It's instant sculpture.
You walk into a photography studio, sit in a standard office chair. Hold extremely still for 15 seconds. No blinking for five.
A computerized camera shaped like the light over a dentist's chair swivels around you, shining a laser beam at your face and measuring distances to your head and shoulders from two fixed points. A quarter of a million different measurements are recorded in those 15 seconds.
That much of your time--plus at least $200 of your money--is all that's needed from you to create a piece of physical immortality. Or a reasonable facsimile.
The accumulated data (which now spans everything from the degree of fullness in your lips to the exact depth of the lines around your eyes) is fed into a computer and relayed, over telephone wires or by mail, to a computer-controlled mill in Pacific Grove, Calif.
A Bronze for $2,700
There, in about three hours, the mill carves a rather precise bust of your likeness. Two to 10 more hours are required for artisans to finish off the rough edges (or smooth out wrinkles, if you like) and apply a bronze or other coating of your choosing. (Fancier, cast bronze busts are also available to those willing to invest considerably more money--$2,700 for a full-size bust--and wait longer for the end result. Prices start at $200 for a finished quarter-size bust, which is about 4 inches tall.)
But compared to the typical time and expense required for artists to create lifelike busts (several thousand dollars and several months), this is zap sculpture, speed-of-light fast and decidedly lower priced.
Its creators call it Rapid 3-D Digitizing and they're being careful not to confuse it with fine art or Michelangelo with a laser.

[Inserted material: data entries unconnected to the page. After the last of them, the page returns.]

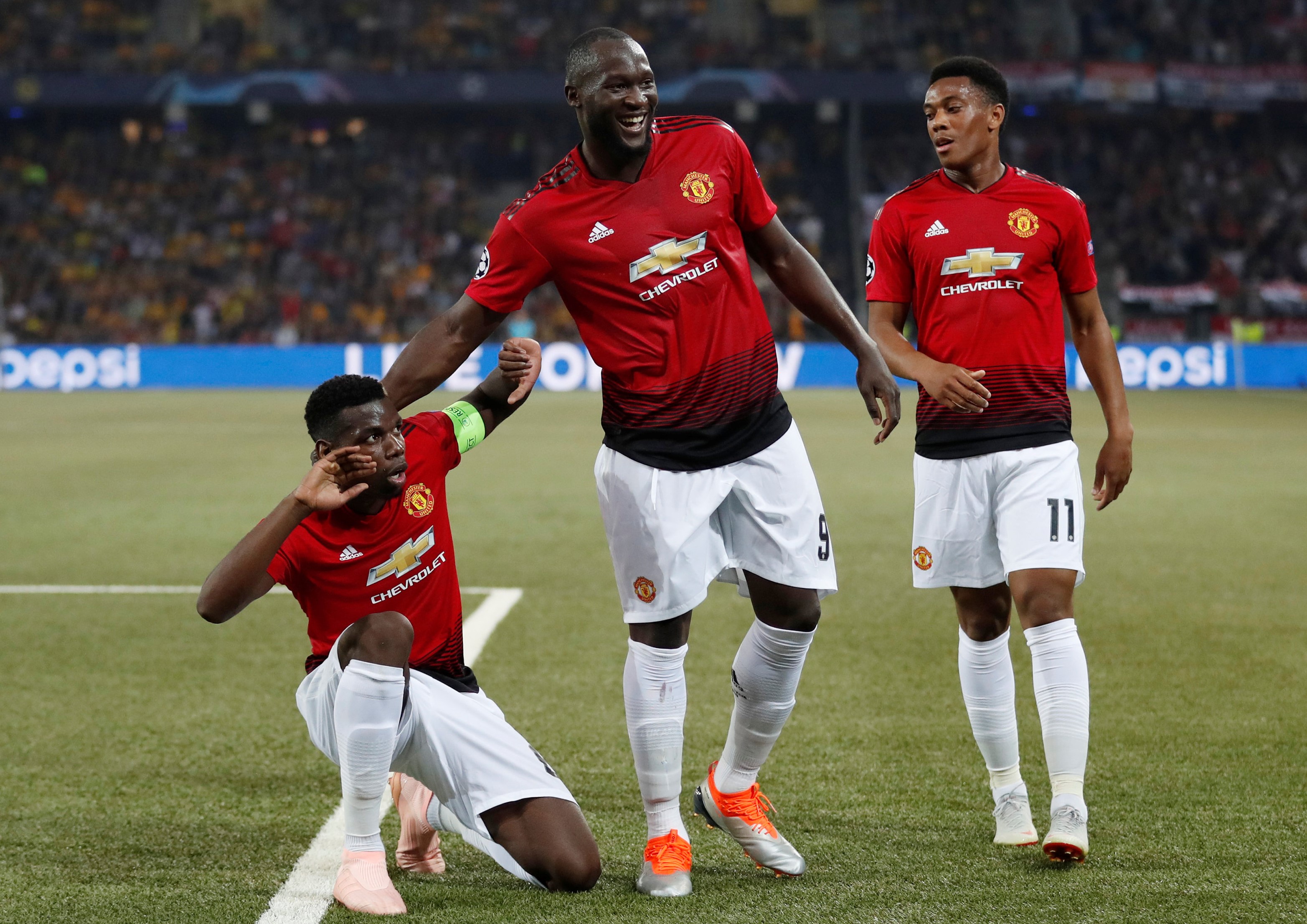 Soccer Football – Champions League – Group Stage – Group H – BSC Young Boys v Manchester United – Stade de Suisse, Bern, Switzerland – September 19, 2018 Manchester United’s Paul Pogba celebrates with Romelu Lukaku and Anthony Martial after scoring their first goal Action Images via Reuters/Matthew Childs
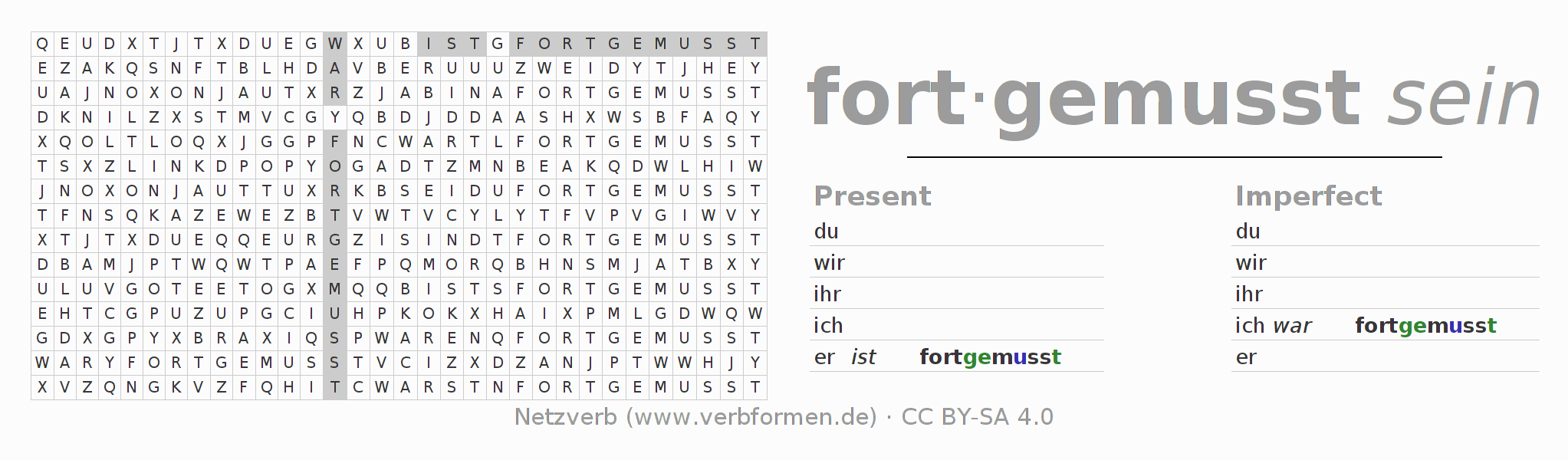 With these search word puzzles you can learn the conjugation of the German verb fortmüssen.
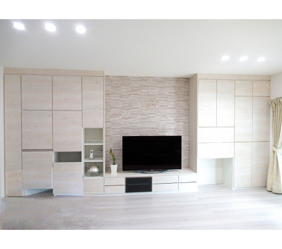 リビングをシーリングライトからダウンライトへ変更し壁面収納を設置しました。
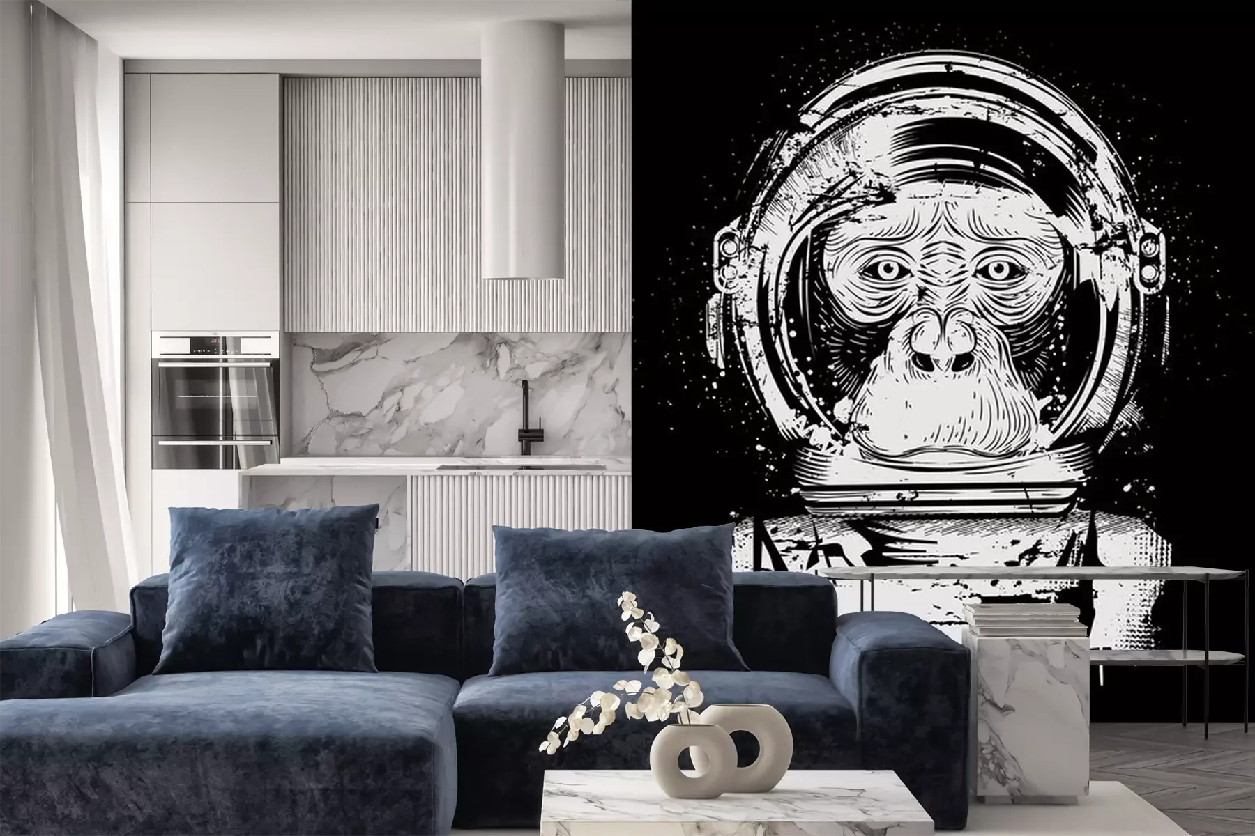 Sticker Schimpanse mit Astronautenhelm Grafik
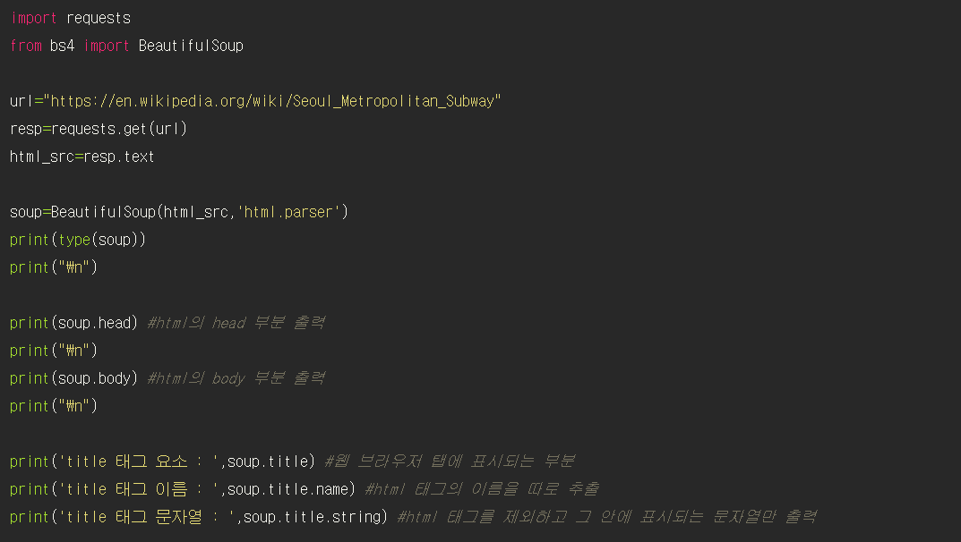 print(type(soup)) => <class 'bs4.BeautifulSoup'>, 즉 bs4 라이브러리에서 불러온 BeautifulSoup 클래스라는 것을 확일할 수 있다.
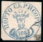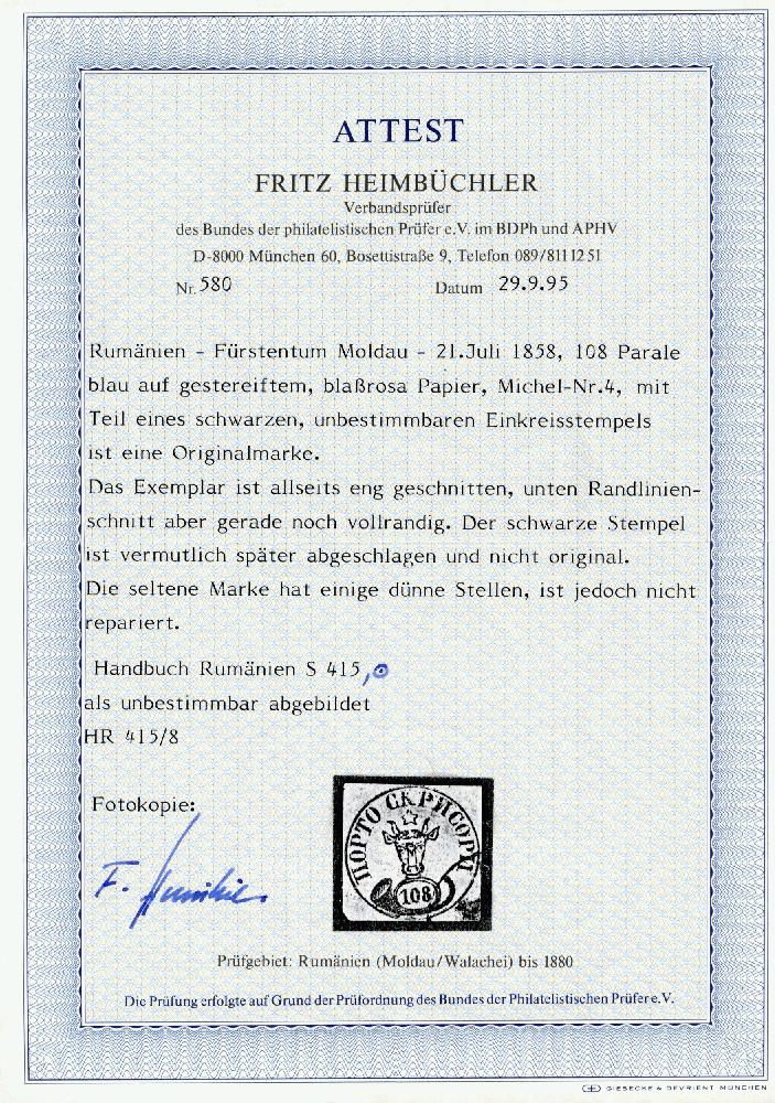 | Zusatzinformationen und Suchstichworte: | David Feldman S.A. - Alle Welt 5. - 9. Dezember 2022 Los 60365 Rumänien 1858, Moldavia, 108 parale blau, auf blassrosa waagrecht gestreiftes Papier, mit vier Rändern, verdünnt aber ein feines nicht repariert Beispiel, der Poststempel nicht identifizierbaren, vermutlich von später Entstehungen; Attest Heimbüchler (1995) und Teil der Heimbüchler Aufstellung 415-8; (Mi € 1200) Ausruf 2.000,00 EUR |

But they expect that their digital sculpture will do for three-dimensional objects what the Xerox machine did for two-dimensional material--multiply it like crazy.
And Lloyd and David Addleman, the father-and-son team from the Monterey area who invented the process, similarly like to think their machines may do for traditional sculpture what photography did to portrait painting--in short, make personal images easily and inexpensively available.
Aid in Surgery
Physicians who have experimented with the busts are also excited about using digital sculpture as an aid in cosmetic and reconstructive surgical procedures. Additional applications are being explored in such fields as manufacturing, criminology, archeology, engineering, anthropology, computer graphics and more.
For example, helmets for Lazer Tag, predicted to be one of the hot toys for the Christmas season, were designed using the digitizer. And representatives from the Army and Air Force have investigated the technology as a possible tool in fitting military uniforms, gas masks and other protective gear.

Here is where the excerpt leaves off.